Tropical Living: Reality Check

Oh, hey. Hi. What's up. So, um, yeah. This is what's going on in our house today:


That would be a gigantic bead sheet tent erected not for the delight and enrichment of my toddler, but for the protection of the contents of my kitchen which are currently spread out on every available surface in my living room. So, that's not annoying or anything.

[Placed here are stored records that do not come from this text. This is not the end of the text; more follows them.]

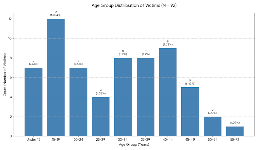 - Vulnerability of Minors: A significant number of victims (7 cases, 7.61%) are under the age of 15, highlighting the extreme vulnerability of children in these contexts.
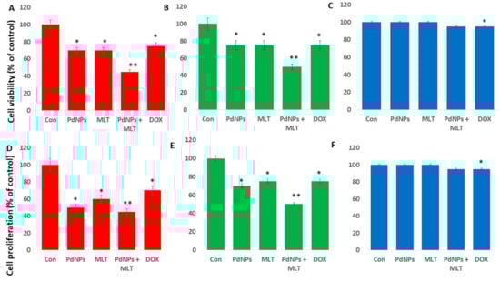 Effects PdNPs + MLT on cell viability and proliferation. Cell viability of A549 (A) H1229 (B) and L132 (C) cells and cell proliferation of human adenocarcinoma cells A549 (D), H1229 (E), and L132 (F) in each of the following treatments: control, 2.5 µM PdNPs, 0.75 mMMLT, 2.5 µM PdNPs combined with 0.75 mM MLT, and 5 µM DOX. Results are shown as the mean ± standard deviation of three independent experiments. The treated groups showed statistically significant differences from the control group per Student’s t-test. * p < 0.05 was considered significant; ** p < 0.01 was considered highly significant.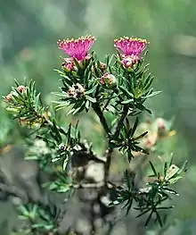 The flowers are pink to deep pink and occur in small groups (usually pairs) on the end of short branches from longer ones formed the previous year. The outer surface of the flower cup (the hypanthium) is densely hairy. There are 5 petals 3.5–4.6 millimetres (0.1–0.2 in) long. The stamens, which give the flower its colour, are arranged in 5 bundles, each containing 19 to 26 stamens. Flowering occurs from October to November and is followed by fruits which are woody capsules. The capsules are more or less urn-shaped, 5.8–7 millimetres (0.23–0.28 in) long with a rough, flaky surface.[2]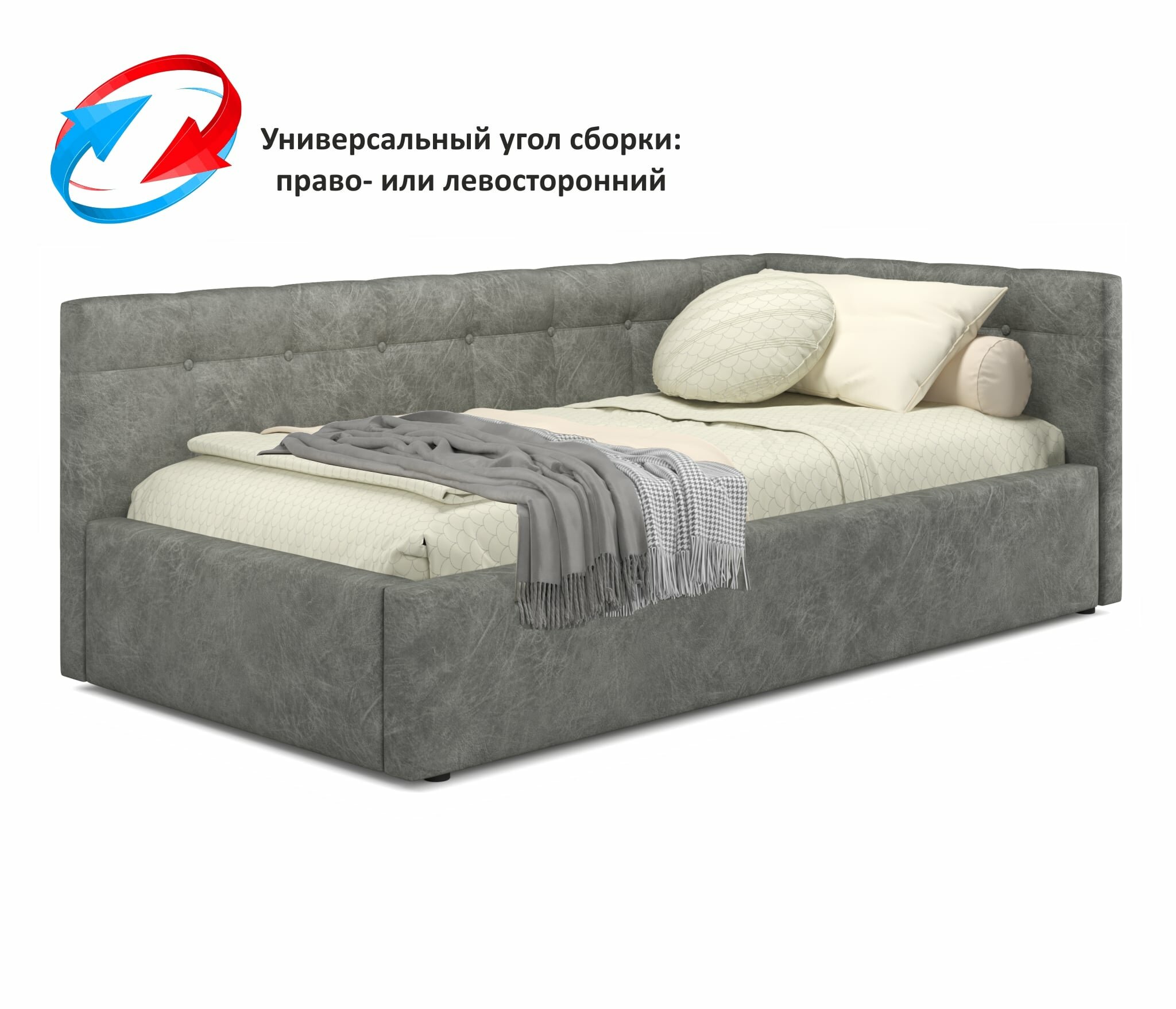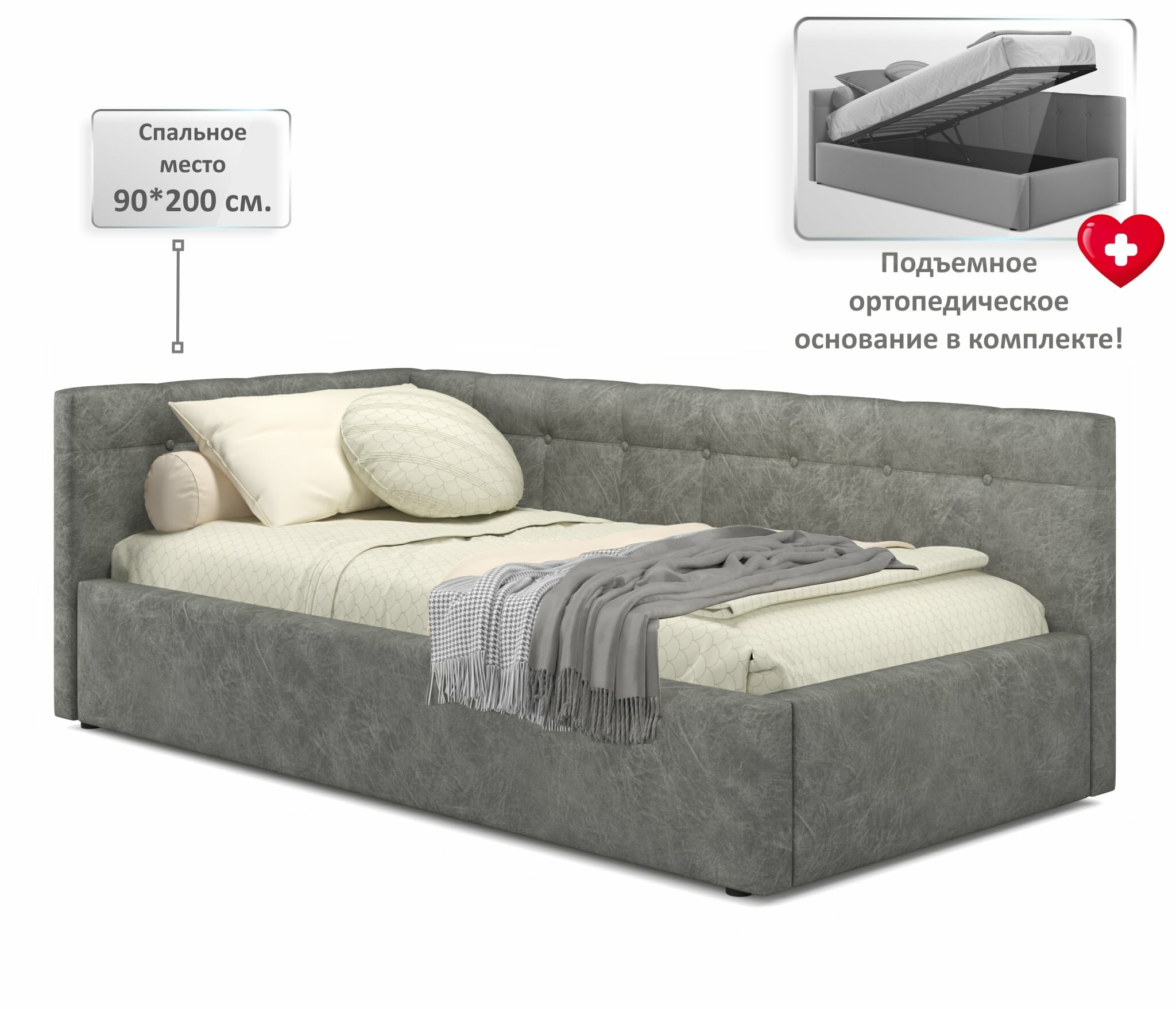 Односпальная кровать-тахта Bonna 900 кожа серый угловая Zeppelin, с подъемным механизмом, 90х200, мягкая из экокожи, с ящиком для хранения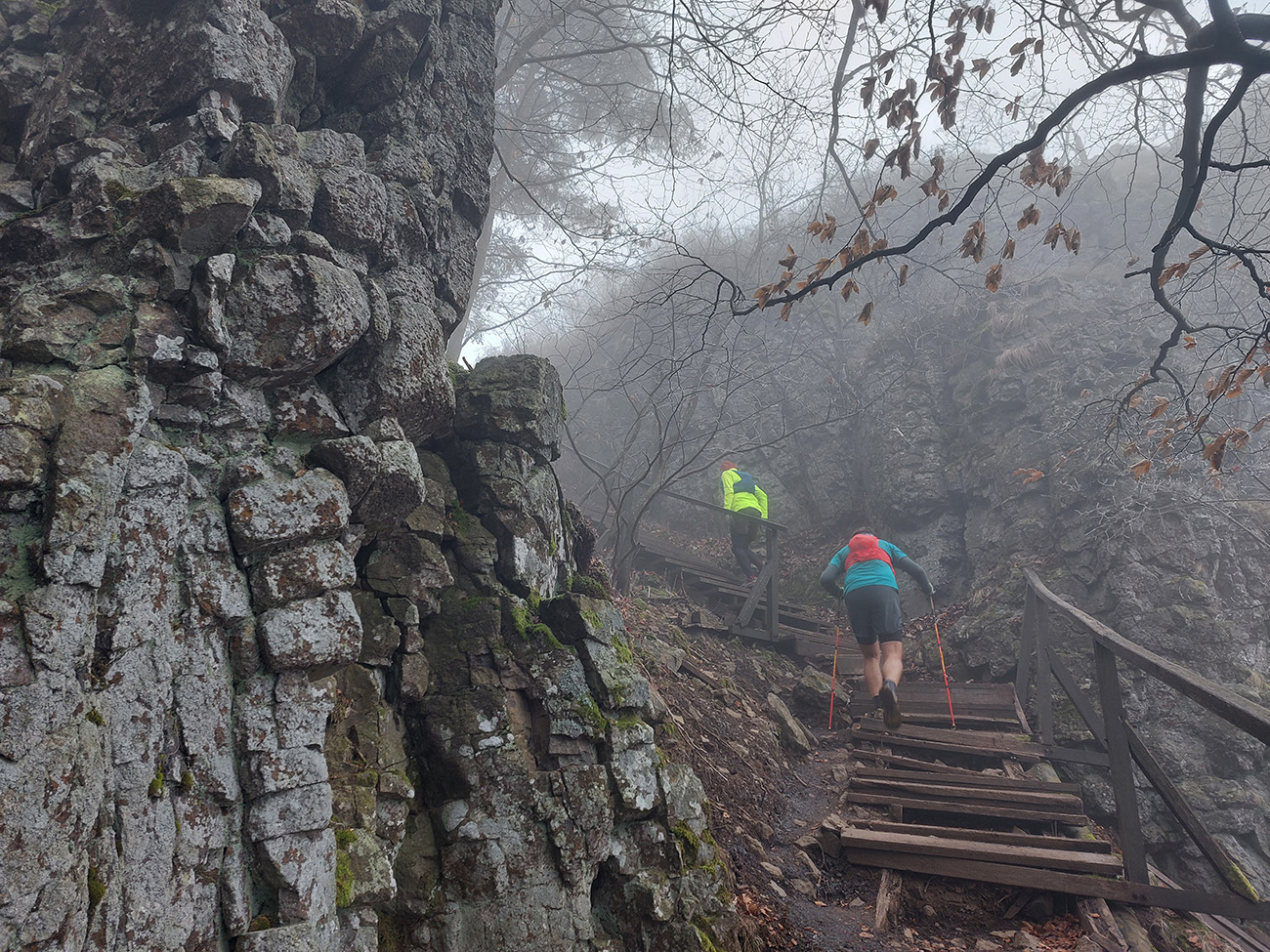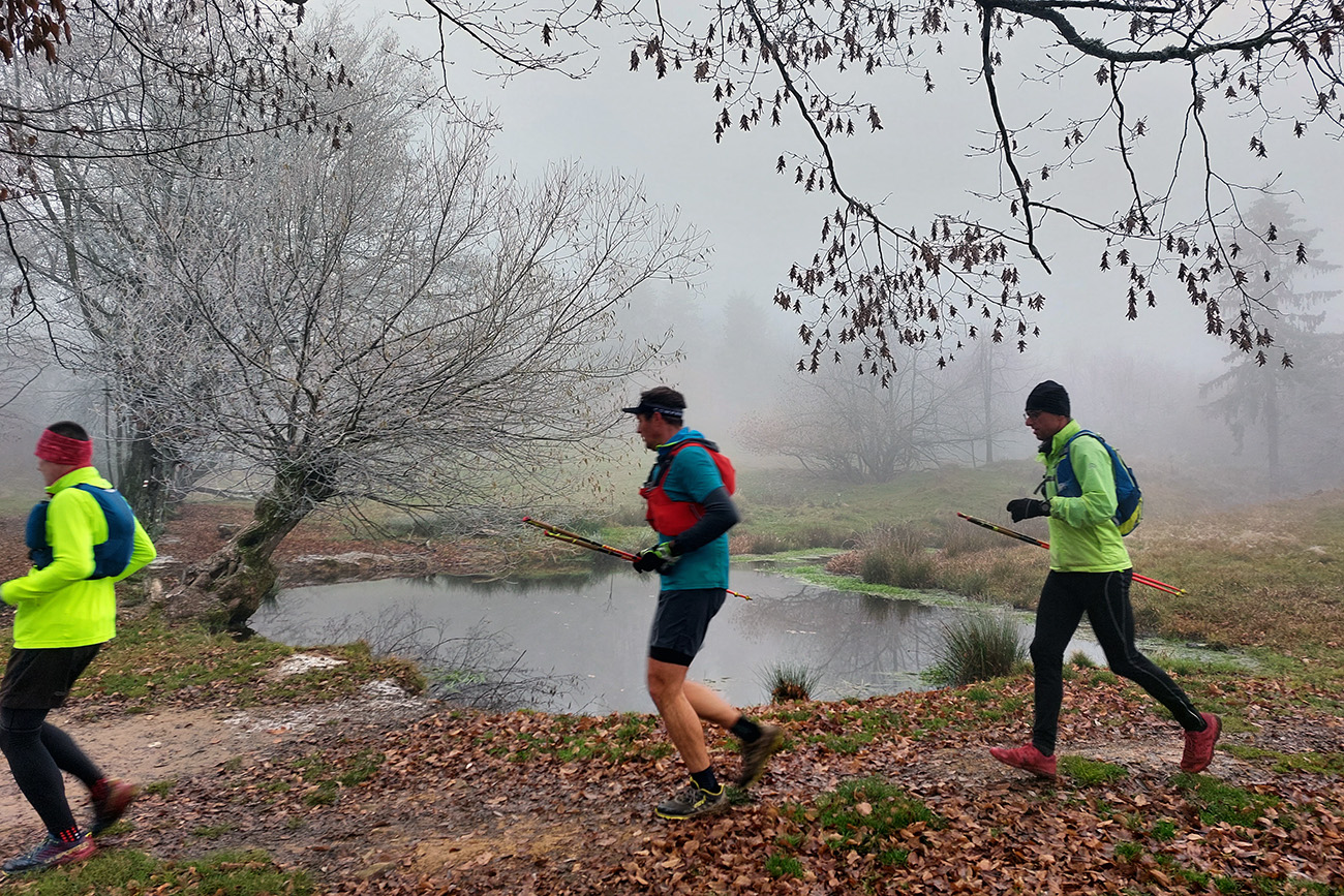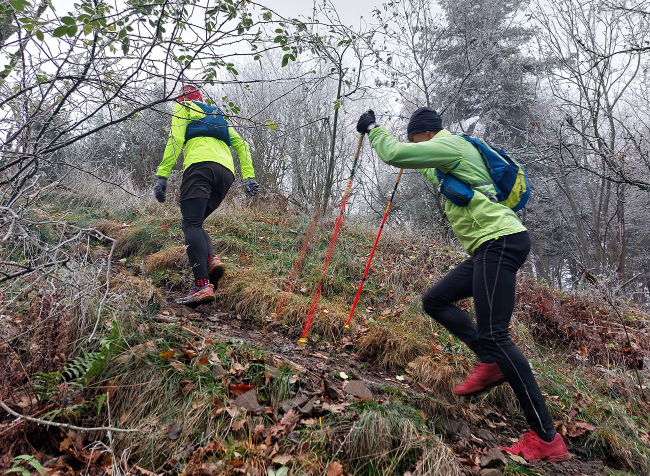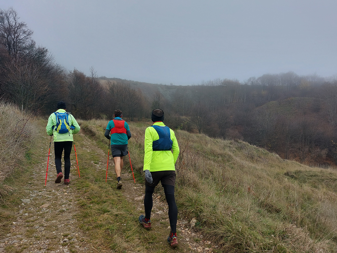 Názov preto taký podobný staršiemu článku ( TU alebo odkaz dole), lebo zostava sa nazbierala úplne rovnaká ako takto pred dvoma rokmi na pobehu okolo Nitrianskeho Pravna. Aj dátum skoro sadol, tri týždne hore dole, to je nič. A možno ešte niečo dáme aj neskôr... Zámer bol vraj tentokrát nejako sa prehupnúť cez Kľak do Rajeckej doliny a nazad, ale hore nasnežilo a keď už aj prestalo, mraky viseli odporne nízko. Tak huspeninový pes dostal dôveru a naklikal niečo v Štiavnických vrchoch, že tam je pekne, aj keď je škaredo. A keď to tam vraj trochu pozná... Ale hlavne je to nižšie a južnejšie. A že vraj to ani ultraparametre nemusí mať, že max. do 30 km, lebo že jeden z partie je na tom biedne. No to sa ale H.P. náramne potešil, že nebude zase za brzdu, lebo po Stovke Považím je na tom dosť biedne tiež. Nohy stále huspeninové, ale to v podstate už od jari, tak čo? Tak vlastne nič, a už sme sa ráno za tmy pekne postupne zbierali do auta a pred ôsmou už sme v hnusnej, vlhkej, osrienenej kose poskakovali v sedle Červená studňa a snažili sa rozkývať telá do prevádzkového režimu. Za nechty poriadne zachádzalo, ešte že nefúkalo.

A few unwelcome guests of the entomological sort decided that my kitchen ceiling would make a cosy home and my pantry a scrumptious tbuffet. In turn, I decided that they needed to die in a cloud of napalm, but neurotoxins on my appliances, utensils, and pantry items is not really my bag. So. 

When Stella came home from school and saw the chaos in our front room, she declared, "I no wike dis", and honestly, I'd have to agree. I mean, I keep wandering into the kitchen only to be reminded that wine no longer lives on the pantry shelf, but is currently hanging out on the windowsill. Along with the pasta, some sea salt and approximately eleventy billion other culinary items, various and sundry.

The moral of this story, such as one exists, is as follows: friends envious of my tropical life of banana leaves and swimming pools in January must keep in mind that equatorial insects are a deathless scavengers and sometimes one discovers geckos under a pile of unwashed dishes.